2023 Indian Kannada film by Sourabh Shukla

1888 is a 2023 Indian thriller film shot using Guerrilla filmmaking technique. It is an independent Kannada film with demonetization as the backdrop. More than 60% of the film is shot at night. Neethu Shetty plays a leading role alongside Prathap Kumar, Adhvithi Shetty, Manju Raj, Pradeep Doddaiah and Vikram Kumar. Former Mr. India - Raghu Ramappa appears in a guest role in the movie. The movie is directed by debutante Sourabh Shukla who has also written the story and screenplay. Pradeep is the director of photography and Girish Hothur is the music composer.

== Cast ==
- Neethu Shetty as Sandhya Shetty
- Prathap Kumar as Vikas
- Adhvithy Shetty as Ankita
- Manju Raj as
- Vikram Kumar as Aruna
- Pradeep Doddaiah as Pradeep Shetty
- Sourabh Shukla as PK
- Valerian Menezes as Martin

== Critical reception ==
In a review for The Times of India, Sridevi S rated the film 3 stars from 5. There was praise for the story being well researched, and for the plot, car chase sequences, and the performance of Neethu Shetty. However, there was criticism of the dialogue and slow pace in the first half. The review stated ... "While the first half takes off slowly, the second half makes it all worth the wait."

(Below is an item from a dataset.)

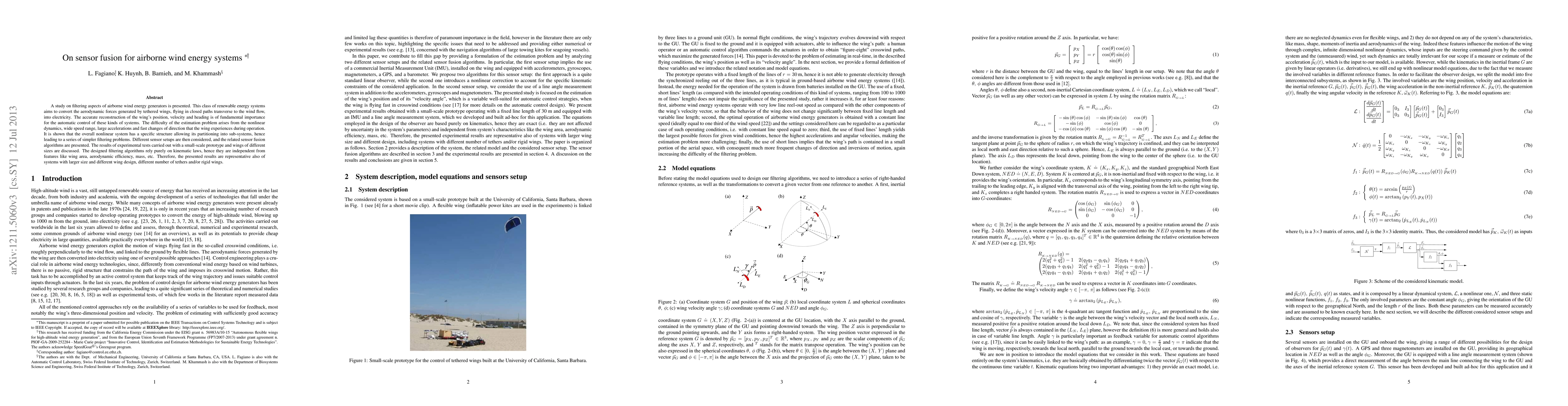 This paper explores sensor fusion techniques for controlling airborne wind energy systems, focusing on filtering algorithms to accurately estimate wing position, velocity, and heading. The study demonstrates that these complex systems can be simplified into manageable sub-systems, allowing for effective sensor fusion and control, validated through experiments with various prototype wings.

Prathibha Joy's review for OTTplay considered the film to have a really slow start but that the second half is much better. Giving a rating of 2.5 stars from 5, Joy praised the originality of the story. She stated ... "1888 is an interesting film that starts on a wobbly note and settles into a steady rhythm only much later. Once it does it's a smooth ride thereafter."